Exercise details: Please restate each entry word for word.

----- Stored data -----

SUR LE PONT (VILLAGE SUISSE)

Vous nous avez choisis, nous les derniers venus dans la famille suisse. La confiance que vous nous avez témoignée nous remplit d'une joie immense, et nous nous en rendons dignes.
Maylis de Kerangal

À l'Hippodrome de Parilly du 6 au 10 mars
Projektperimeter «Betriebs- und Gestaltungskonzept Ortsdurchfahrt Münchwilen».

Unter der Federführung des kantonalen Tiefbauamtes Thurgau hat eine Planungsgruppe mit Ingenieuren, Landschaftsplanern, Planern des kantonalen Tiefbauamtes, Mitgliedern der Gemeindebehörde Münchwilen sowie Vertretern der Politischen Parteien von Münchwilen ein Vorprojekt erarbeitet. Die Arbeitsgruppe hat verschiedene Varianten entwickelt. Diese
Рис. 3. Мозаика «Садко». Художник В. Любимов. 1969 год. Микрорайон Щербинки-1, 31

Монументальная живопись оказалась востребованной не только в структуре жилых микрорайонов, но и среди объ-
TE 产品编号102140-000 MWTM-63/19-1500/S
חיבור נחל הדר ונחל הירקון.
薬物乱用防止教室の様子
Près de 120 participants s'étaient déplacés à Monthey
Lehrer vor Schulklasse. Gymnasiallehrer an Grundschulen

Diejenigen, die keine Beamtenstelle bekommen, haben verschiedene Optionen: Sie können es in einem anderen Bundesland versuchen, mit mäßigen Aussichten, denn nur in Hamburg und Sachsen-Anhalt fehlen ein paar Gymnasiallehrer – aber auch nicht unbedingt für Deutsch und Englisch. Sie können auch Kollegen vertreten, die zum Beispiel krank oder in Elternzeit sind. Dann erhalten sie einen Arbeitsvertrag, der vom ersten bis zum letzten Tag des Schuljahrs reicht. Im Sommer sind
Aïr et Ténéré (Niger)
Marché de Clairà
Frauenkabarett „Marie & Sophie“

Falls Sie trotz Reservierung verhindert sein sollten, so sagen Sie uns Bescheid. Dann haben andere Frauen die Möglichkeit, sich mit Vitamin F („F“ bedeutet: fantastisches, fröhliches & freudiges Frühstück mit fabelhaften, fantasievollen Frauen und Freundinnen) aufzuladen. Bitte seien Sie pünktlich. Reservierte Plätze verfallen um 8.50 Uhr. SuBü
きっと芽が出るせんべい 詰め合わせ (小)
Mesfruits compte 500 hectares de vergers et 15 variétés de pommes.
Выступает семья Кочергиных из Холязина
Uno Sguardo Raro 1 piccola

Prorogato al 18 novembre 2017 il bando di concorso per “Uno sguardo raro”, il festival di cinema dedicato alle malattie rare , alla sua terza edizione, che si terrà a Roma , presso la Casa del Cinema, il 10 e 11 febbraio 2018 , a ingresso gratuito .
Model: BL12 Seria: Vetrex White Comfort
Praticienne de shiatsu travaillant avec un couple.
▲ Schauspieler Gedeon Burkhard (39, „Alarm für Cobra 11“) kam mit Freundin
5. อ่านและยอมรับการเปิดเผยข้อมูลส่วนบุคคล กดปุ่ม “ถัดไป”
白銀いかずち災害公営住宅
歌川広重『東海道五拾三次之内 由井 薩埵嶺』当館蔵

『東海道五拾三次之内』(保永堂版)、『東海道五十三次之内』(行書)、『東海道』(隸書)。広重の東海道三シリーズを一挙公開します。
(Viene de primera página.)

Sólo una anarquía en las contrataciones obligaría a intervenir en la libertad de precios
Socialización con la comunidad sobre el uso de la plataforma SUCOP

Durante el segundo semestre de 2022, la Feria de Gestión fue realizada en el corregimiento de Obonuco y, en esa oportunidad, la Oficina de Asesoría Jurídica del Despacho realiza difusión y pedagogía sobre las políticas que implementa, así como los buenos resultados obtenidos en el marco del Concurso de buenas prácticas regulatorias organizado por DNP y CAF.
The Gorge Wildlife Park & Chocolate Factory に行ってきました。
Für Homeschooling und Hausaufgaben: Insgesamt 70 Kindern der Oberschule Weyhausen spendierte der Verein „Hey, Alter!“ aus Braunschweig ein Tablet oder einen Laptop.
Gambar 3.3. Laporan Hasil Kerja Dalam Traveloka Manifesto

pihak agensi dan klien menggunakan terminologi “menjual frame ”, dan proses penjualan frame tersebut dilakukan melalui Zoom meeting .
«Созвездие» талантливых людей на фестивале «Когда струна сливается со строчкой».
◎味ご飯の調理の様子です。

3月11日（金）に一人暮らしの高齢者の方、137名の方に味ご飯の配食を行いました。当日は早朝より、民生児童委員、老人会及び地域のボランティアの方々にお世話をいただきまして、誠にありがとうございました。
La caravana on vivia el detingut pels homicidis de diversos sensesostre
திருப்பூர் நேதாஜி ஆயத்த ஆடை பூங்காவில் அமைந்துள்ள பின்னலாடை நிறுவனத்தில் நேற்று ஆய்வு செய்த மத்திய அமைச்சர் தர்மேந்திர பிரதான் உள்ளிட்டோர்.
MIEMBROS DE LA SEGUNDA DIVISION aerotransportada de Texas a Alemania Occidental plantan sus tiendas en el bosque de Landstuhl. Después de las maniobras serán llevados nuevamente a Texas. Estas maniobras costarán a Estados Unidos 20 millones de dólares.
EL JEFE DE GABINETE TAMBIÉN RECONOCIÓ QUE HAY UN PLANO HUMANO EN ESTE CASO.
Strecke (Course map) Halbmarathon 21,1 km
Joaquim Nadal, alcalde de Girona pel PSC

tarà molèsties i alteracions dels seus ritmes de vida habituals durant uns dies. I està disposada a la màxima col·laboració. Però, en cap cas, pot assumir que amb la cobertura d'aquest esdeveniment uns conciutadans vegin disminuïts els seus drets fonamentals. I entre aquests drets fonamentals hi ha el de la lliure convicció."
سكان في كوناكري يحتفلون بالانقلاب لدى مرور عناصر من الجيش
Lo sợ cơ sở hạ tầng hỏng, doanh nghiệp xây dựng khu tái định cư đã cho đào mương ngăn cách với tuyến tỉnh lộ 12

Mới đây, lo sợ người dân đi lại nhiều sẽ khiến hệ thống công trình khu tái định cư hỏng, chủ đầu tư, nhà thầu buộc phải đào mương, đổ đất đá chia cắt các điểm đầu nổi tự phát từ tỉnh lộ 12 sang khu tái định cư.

-----

Answer to this exercise:
SUR LE PONT (VILLAGE SUISSE)

Vous nous avez choisis, nous les derniers venus dans la famille suisse. La confiance que vous nous avez témoignée nous remplit d'une joie immense, et nous nous en rendons dignes.
Maylis de Kerangal

À l'Hippodrome de Parilly du 6 au 10 mars
Projektperimeter «Betriebs- und Gestaltungskonzept Ortsdurchfahrt Münchwilen».

Unter der Federführung des kantonalen Tiefbauamtes Thurgau hat eine Planungsgruppe mit Ingenieuren, Landschaftsplanern, Planern des kantonalen Tiefbauamtes, Mitgliedern der Gemeindebehörde Münchwilen sowie Vertretern der Politischen Parteien von Münchwilen ein Vorprojekt erarbeitet. Die Arbeitsgruppe hat verschiedene Varianten entwickelt. Diese
Рис. 3. Мозаика «Садко». Художник В. Любимов. 1969 год. Микрорайон Щербинки-1, 31

Монументальная живопись оказалась востребованной не только в структуре жилых микрорайонов, но и среди объ-
TE 产品编号102140-000 MWTM-63/19-1500/S
חיבור נחל הדר ונחל הירקון.
薬物乱用防止教室の様子
Près de 120 participants s'étaient déplacés à Monthey
Lehrer vor Schulklasse. Gymnasiallehrer an Grundschulen

Diejenigen, die keine Beamtenstelle bekommen, haben verschiedene Optionen: Sie können es in einem anderen Bundesland versuchen, mit mäßigen Aussichten, denn nur in Hamburg und Sachsen-Anhalt fehlen ein paar Gymnasiallehrer – aber auch nicht unbedingt für Deutsch und Englisch. Sie können auch Kollegen vertreten, die zum Beispiel krank oder in Elternzeit sind. Dann erhalten sie einen Arbeitsvertrag, der vom ersten bis zum letzten Tag des Schuljahrs reicht. Im Sommer sind
Aïr et Ténéré (Niger)
Marché de Clairà
Frauenkabarett „Marie & Sophie“

Falls Sie trotz Reservierung verhindert sein sollten, so sagen Sie uns Bescheid. Dann haben andere Frauen die Möglichkeit, sich mit Vitamin F („F“ bedeutet: fantastisches, fröhliches & freudiges Frühstück mit fabelhaften, fantasievollen Frauen und Freundinnen) aufzuladen. Bitte seien Sie pünktlich. Reservierte Plätze verfallen um 8.50 Uhr. SuBü
きっと芽が出るせんべい 詰め合わせ (小)
Mesfruits compte 500 hectares de vergers et 15 variétés de pommes.
Выступает семья Кочергиных из Холязина
Uno Sguardo Raro 1 piccola

Prorogato al 18 novembre 2017 il bando di concorso per “Uno sguardo raro”, il festival di cinema dedicato alle malattie rare , alla sua terza edizione, che si terrà a Roma , presso la Casa del Cinema, il 10 e 11 febbraio 2018 , a ingresso gratuito .
Model: BL12 Seria: Vetrex White Comfort
Praticienne de shiatsu travaillant avec un couple.
▲ Schauspieler Gedeon Burkhard (39, „Alarm für Cobra 11“) kam mit Freundin
5. อ่านและยอมรับการเปิดเผยข้อมูลส่วนบุคคล กดปุ่ม “ถัดไป”
白銀いかずち災害公営住宅
歌川広重『東海道五拾三次之内 由井 薩埵嶺』当館蔵

『東海道五拾三次之内』(保永堂版)、『東海道五十三次之内』(行書)、『東海道』(隸書)。広重の東海道三シリーズを一挙公開します。
(Viene de primera página.)

Sólo una anarquía en las contrataciones obligaría a intervenir en la libertad de precios
Socialización con la comunidad sobre el uso de la plataforma SUCOP

Durante el segundo semestre de 2022, la Feria de Gestión fue realizada en el corregimiento de Obonuco y, en esa oportunidad, la Oficina de Asesoría Jurídica del Despacho realiza difusión y pedagogía sobre las políticas que implementa, así como los buenos resultados obtenidos en el marco del Concurso de buenas prácticas regulatorias organizado por DNP y CAF.
The Gorge Wildlife Park & Chocolate Factory に行ってきました。
Für Homeschooling und Hausaufgaben: Insgesamt 70 Kindern der Oberschule Weyhausen spendierte der Verein „Hey, Alter!“ aus Braunschweig ein Tablet oder einen Laptop.
Gambar 3.3. Laporan Hasil Kerja Dalam Traveloka Manifesto

pihak agensi dan klien menggunakan terminologi “menjual frame ”, dan proses penjualan frame tersebut dilakukan melalui Zoom meeting .
«Созвездие» талантливых людей на фестивале «Когда струна сливается со строчкой».
◎味ご飯の調理の様子です。

3月11日（金）に一人暮らしの高齢者の方、137名の方に味ご飯の配食を行いました。当日は早朝より、民生児童委員、老人会及び地域のボランティアの方々にお世話をいただきまして、誠にありがとうございました。
La caravana on vivia el detingut pels homicidis de diversos sensesostre
திருப்பூர் நேதாஜி ஆயத்த ஆடை பூங்காவில் அமைந்துள்ள பின்னலாடை நிறுவனத்தில் நேற்று ஆய்வு செய்த மத்திய அமைச்சர் தர்மேந்திர பிரதான் உள்ளிட்டோர்.
MIEMBROS DE LA SEGUNDA DIVISION aerotransportada de Texas a Alemania Occidental plantan sus tiendas en el bosque de Landstuhl. Después de las maniobras serán llevados nuevamente a Texas. Estas maniobras costarán a Estados Unidos 20 millones de dólares.
EL JEFE DE GABINETE TAMBIÉN RECONOCIÓ QUE HAY UN PLANO HUMANO EN ESTE CASO.
Strecke (Course map) Halbmarathon 21,1 km
Joaquim Nadal, alcalde de Girona pel PSC

tarà molèsties i alteracions dels seus ritmes de vida habituals durant uns dies. I està disposada a la màxima col·laboració. Però, en cap cas, pot assumir que amb la cobertura d'aquest esdeveniment uns conciutadans vegin disminuïts els seus drets fonamentals. I entre aquests drets fonamentals hi ha el de la lliure convicció."
سكان في كوناكري يحتفلون بالانقلاب لدى مرور عناصر من الجيش
Lo sợ cơ sở hạ tầng hỏng, doanh nghiệp xây dựng khu tái định cư đã cho đào mương ngăn cách với tuyến tỉnh lộ 12

Mới đây, lo sợ người dân đi lại nhiều sẽ khiến hệ thống công trình khu tái định cư hỏng, chủ đầu tư, nhà thầu buộc phải đào mương, đổ đất đá chia cắt các điểm đầu nổi tự phát từ tỉnh lộ 12 sang khu tái định cư.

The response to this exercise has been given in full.